Dear Shan Tell’em,
Last year around November, I started dating a guy who I went to high school with. We had a huge falling out and did not speak for about two months. Three weeks ago, we started speaking again, but shortly after, he told me that he couldn’t love me in that way anymore. I feel like he is playing games because we were so close and could talk about anything. I’m so mad at him right now. I haven’t been that close to anyone like that in years. I didn’t even have that type of connection with my own husband. I feel like I will never ever get my happily ever after. What’s your advice?
Unhappily Ever After
Dear Unhappily Ever After,
While I realize that you feel a deep connection to this man, it is best to let him go for the moment. From the way that you two seem to handle conflict, it’s obvious that this isn’t a match made in heaven. I’m not sure as to what led you to have a “huge falling out,” but not speaking for a number of months is not the way to resolve issues when you really care about someone. Yes, sometimes it’s best to take time to process things so that you can return to the situation with a clear mind and level head. This does not seem like what is happening here. In fact, it sounds like you’re dealing with someone who is either confused, manipulative, or both.

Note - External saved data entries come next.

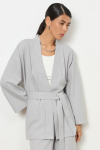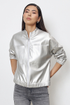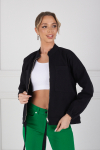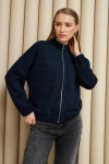 Жакет-бомбер из денима выполнен по классической джинсовой технологии. Свободный силуэт с застёжкой-молнией и накладными карманами. Рукав втачной в спущенную пройму. Нижняя часть рукава присборена на резинку. Линия горловины оформлена воротником-стойкой. Снизу изделие затягивается на кулиску.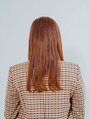 透け感のある明るめのオレンジカラーでツヤっぽく見せました。全体はワンレンベースで顔まわりに少しだけレイヤーを入れてカットします。バングはシャギーを入れて斜めに流せるようにカットします。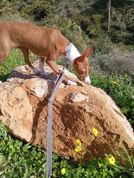 Pepe ist schon stubenrein, sehr verspielt und liebevoll mit den Kindern der Familie und mit Artgenossen verträglich. Pepe liebt Spaziergänge und Abenteuer, und zeigt bisher noch keinen stark ausgeprägten Jagdtrieb, den er als Podenco Andaluz natürlich noch entwickeln kann. Er zeigt schon Interesse an Mäusen, und schnüffelt viel, jedoch läuft er trotzdem vorbildlich an der Leine! Weil Pepe immer in Gesellschaft von Menschen oder Hunden ist, hat er noch nicht gelernt, ganz alleine zu bleiben. Dies müsste in seinem Zuhause, nach einer Eingewöhnung, sanft geübt werden.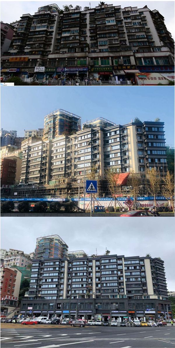 贵阳市云岩区老旧小区改造前(上)改造中(中)改造后(下)拼版对比图。贵阳云岩康厦城市开发建设公司供图
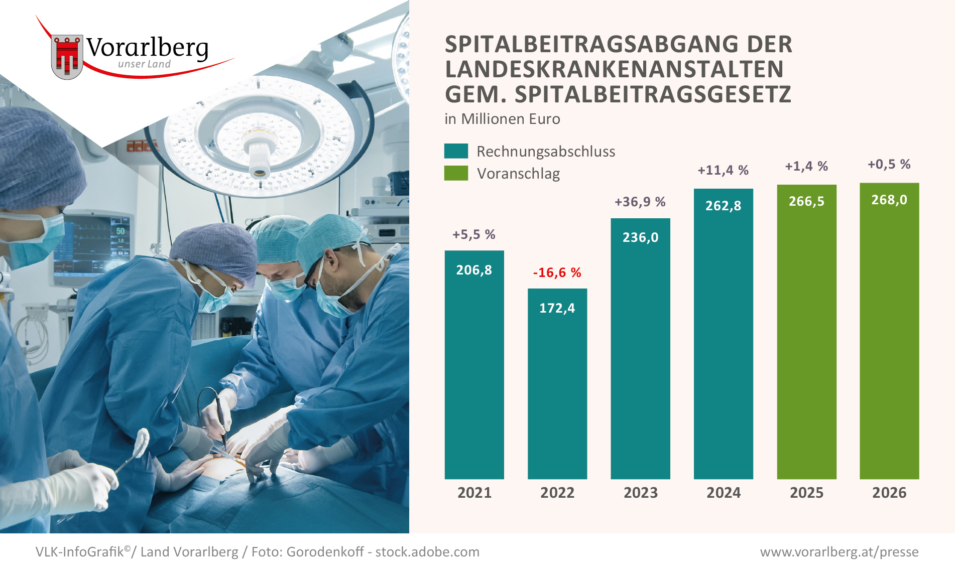 Der Voranschlag der Krankenhausbetriebsgesellschaft (KHBG) für das Wirtschaftsjahr 2026 sieht einen Spitalsbeitragsabgang für die Landeskrankenanstalten in Höhe von 268 Millionen Euro vor. Das ist eine Steigerung um 0,5 Prozent, die im Wesentlichen durch die steigenden Personal- und Sachkosten der KHBG begründet ist.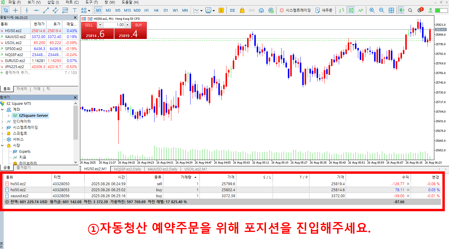 메타5는 기본적인 주문기능 외에도 예약주문, 자동청산, 지정가주문 등 다양한 기능을 갖추고있는 전문적인 해외선물 프로그램 인데요

I’d also challenge you to rethink the connection that you feel. Is it really a deep, authentic love or are you just vulnerable? To say that you had a deeper connection with him than your husband is kind of a big deal. I’m saying it isn’t true, but you should really explore why you felt so drawn to him. Either way, it seems like it’s one-sided. You seem to be all-in, and frankly, he’s gone. That speaks volumes.